The lines from the top of the material below through the line containing "BOARD . SYSOP NUMBER--NODES . STATUS" are to be printed exactly, with pictures omitted.

### Data
━━━━━━━━━━━━━━━━━━━━━━━━━━━━━━

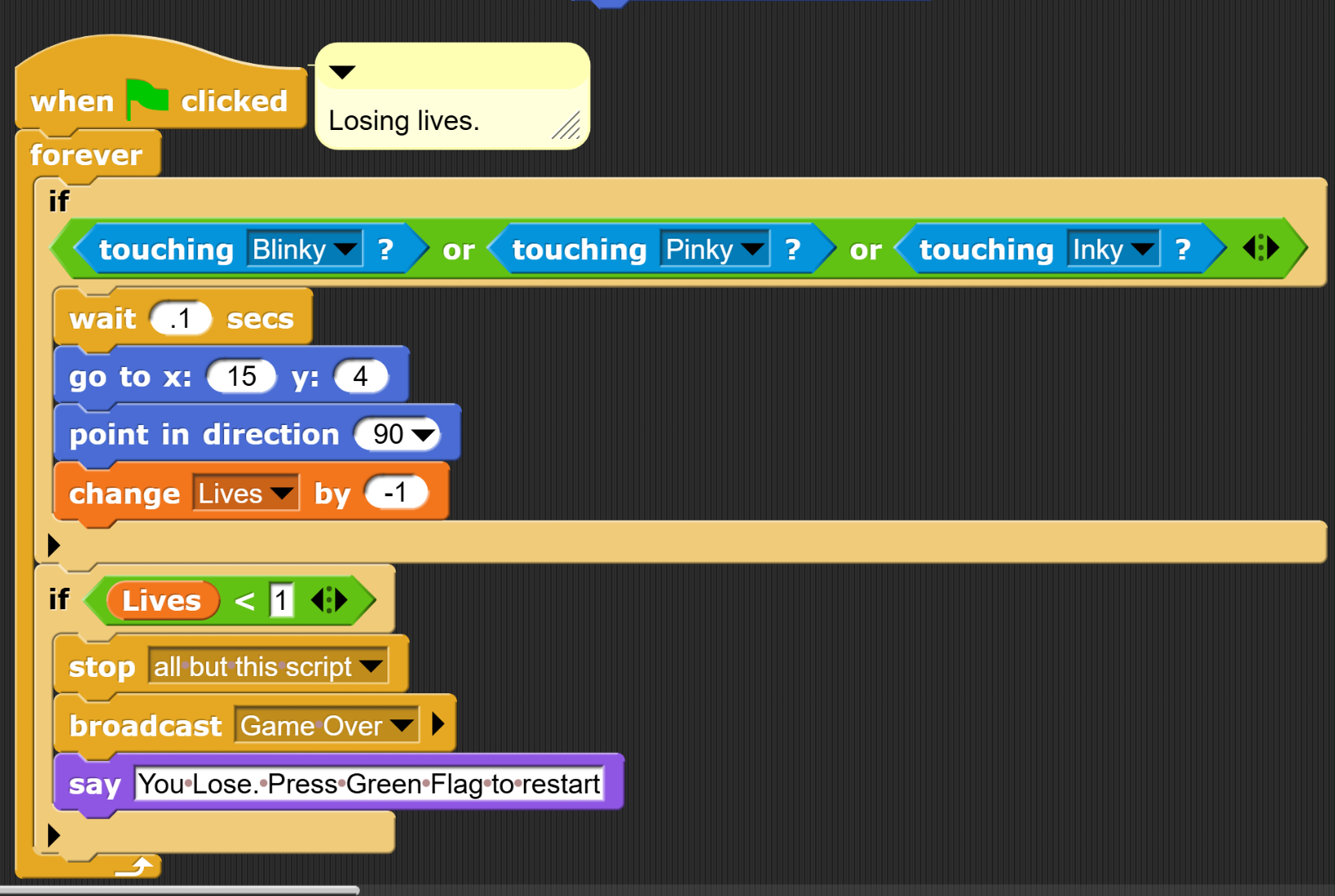 What is "or" and example of from the Pac-Man code?
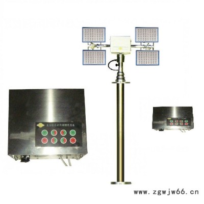 1.8m车载移动照明设备由三节气动升降杆将灯具部件升展到1.8m的高度,扩大了照射范围。1.8m系列车载移动照明设备具备有起、落、升、降功能,设备从初始的水平位置起升到90°后再在高度方向延伸到1.8m的高度,通过操作旋转云台垂直360°水平360°的全方位旋转来完成搜索定位照明。
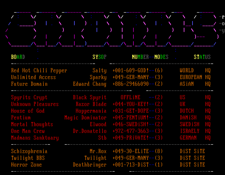 BOARD . SYSOP NUMBER--NODES . STATUS
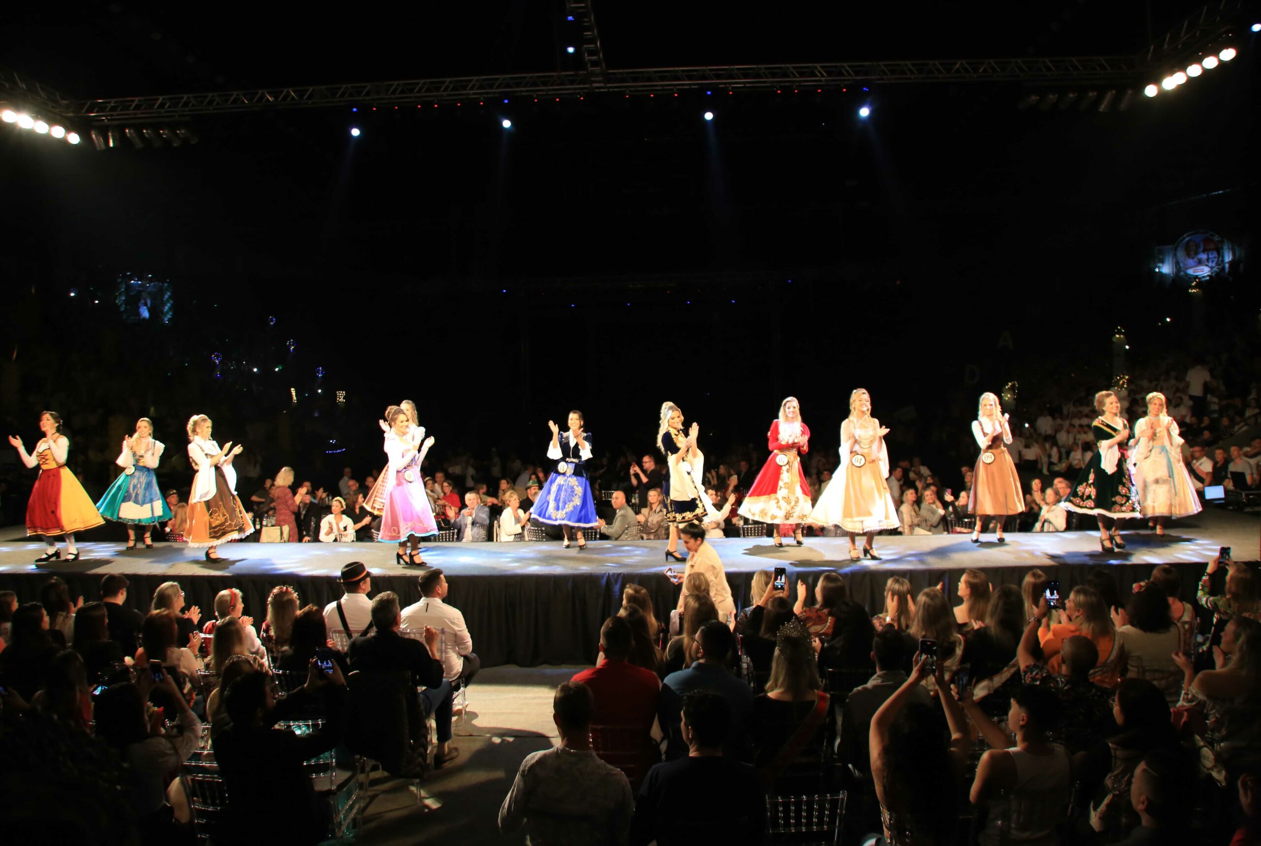 O evento iniciou com todas as candidatas sobre a passarela, onde, de imediato, executaram uma dança. Em seguida, foram convidadas a fazer um desfile coletivo. Depois, se apresentaram individualmente, contando por que querem ser uma das soberanas da Oktoberfest e detalhando as referências utilizadas para a confecção do vestido.

━━━━━━━━━━━━━━━━━━━━━━━━━━━━━━

### Solved problem
 What is "or" and example of from the Pac-Man code?
 1.8m车载移动照明设备由三节气动升降杆将灯具部件升展到1.8m的高度,扩大了照射范围。1.8m系列车载移动照明设备具备有起、落、升、降功能,设备从初始的水平位置起升到90°后再在高度方向延伸到1.8m的高度,通过操作旋转云台垂直360°水平360°的全方位旋转来完成搜索定位照明。
 BOARD . SYSOP NUMBER--NODES . STATUS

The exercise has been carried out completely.